De ATW is per 1 april 2007 vereenvoudigd met als motto: «minder regels en meer verantwoordelijkheid voor burgers en bedrijven». Minder regels rond arbeids- en rusttijden biedt meer mogelijkheden voor bedrijven om de arbeidspatronen af te stemmen op de situatie binnen het bedrijf waardoor sneller kan worden ingespeeld op wijzigende omstandigheden in de sector of de onderneming. Tevens biedt de vereenvoudiging ruimte voor werknemers om tot een betere afstemming tussen werk en privé te kunnen komen. Meer ruimte voor maatwerk dus, maar ook meer verantwoordelijkheid, om de gegeven ruimte op een verantwoordelijke manier in te vullen.

3. Belangrijkste wetswijzigingen in 2007

Om werkgevers en werknemers op individueel niveau meer ruimte te bieden om binnen de door de wet gestelde normen met elkaar maatwerkafspraken over arbeids- en rusttijden te maken, is de ATW langs twee – onderling gerelateerde – wegen vereenvoudigd. De belangrijkste vereenvoudiging is de vervanging van het dubbele normenstel door een stelsel met een enkelvoudige norm5. Dit maakt het mogelijk dat op ondernemingsniveau gebruik kan worden gemaakt van de ruimste normen zonder dat daarvoor eerst een collectieve regeling (cao of bedrijfsakkoord) tussen de betrokken sociale partners tot stand is gekomen.

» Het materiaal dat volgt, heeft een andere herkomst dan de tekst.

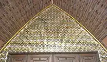 The painter and art professor Hermann Sandkuhl (in German) created decorative sgraffiti displaying various figures, situated in the intermediate recessed spaces between the brick pilasters on the building's exterior. All were destroyed in the fire in 1943.[8] The tympanon decoration by Erich Waske (in German) adorning the final, somewhat smaller, girder above the oriented quire, depicting the Sermon on the Mount and showing Jesus of Nazareth with a corona of light, was also lost in 1943.[8] The prayer hall is illuminated by three long windows in the quire. The original windows were completely shattered during the bombing of the city. In 1962, Sigmund Hahn designed a new central quire window and during the course of the renovation of 1990/1991 Achim Freyer (in German) added colorful new windows to the left and right of the quire.[9] Höger's original Baptismal font of clinker brick, adorned with gold paintings, survived the war intact. Regina Roskoden's abstract basalt sculpture of an angel, graphics by Max Pechstein and a painting of the crucifixion by Hermann Krauth are displayed in a by-room. Considerable offertories from parishioners enabled the purchase of a new organ of 60 registers, built by E. Kemper & Sohn and installed after 1965, which required the removal of the second western loft gallery of seats.[8]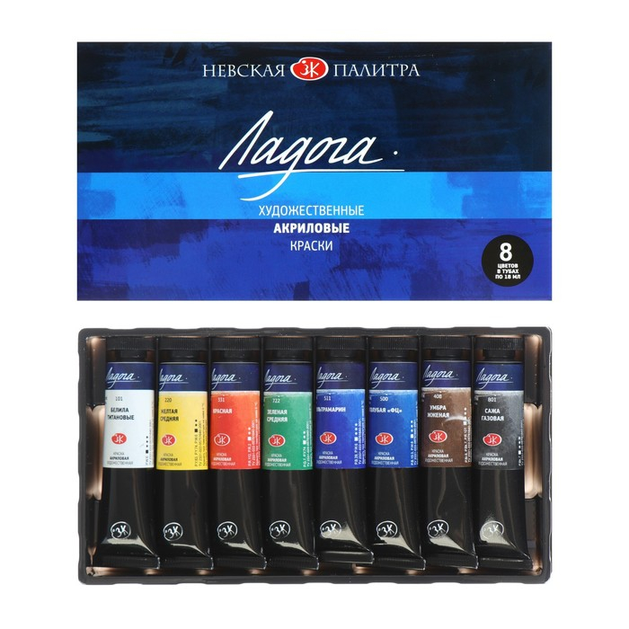 Краска акриловая в тубе, набор 8 цветов х 18 мл, ЗХК "Ладога", художественный, 2241178

Tevens is het aantal normen verminderd en zijn normen verruimd6.

Het vereenvoudigde normstelsel is gebaseerd op een unaniem SER-advies uit 20057 en sluit aan op datgene wat internationaal als basisbescherming voor werknemers is afgesproken.

In 2011 heb ik laten onderzoeken in welke mate de wetswijzigingen invloed hebben gehad op afspraken over arbeids- en rusttijden op cao- en bedrijfsniveau en op arbeidspatronen (zie bijlage voor opzet evaluatieonderzoek).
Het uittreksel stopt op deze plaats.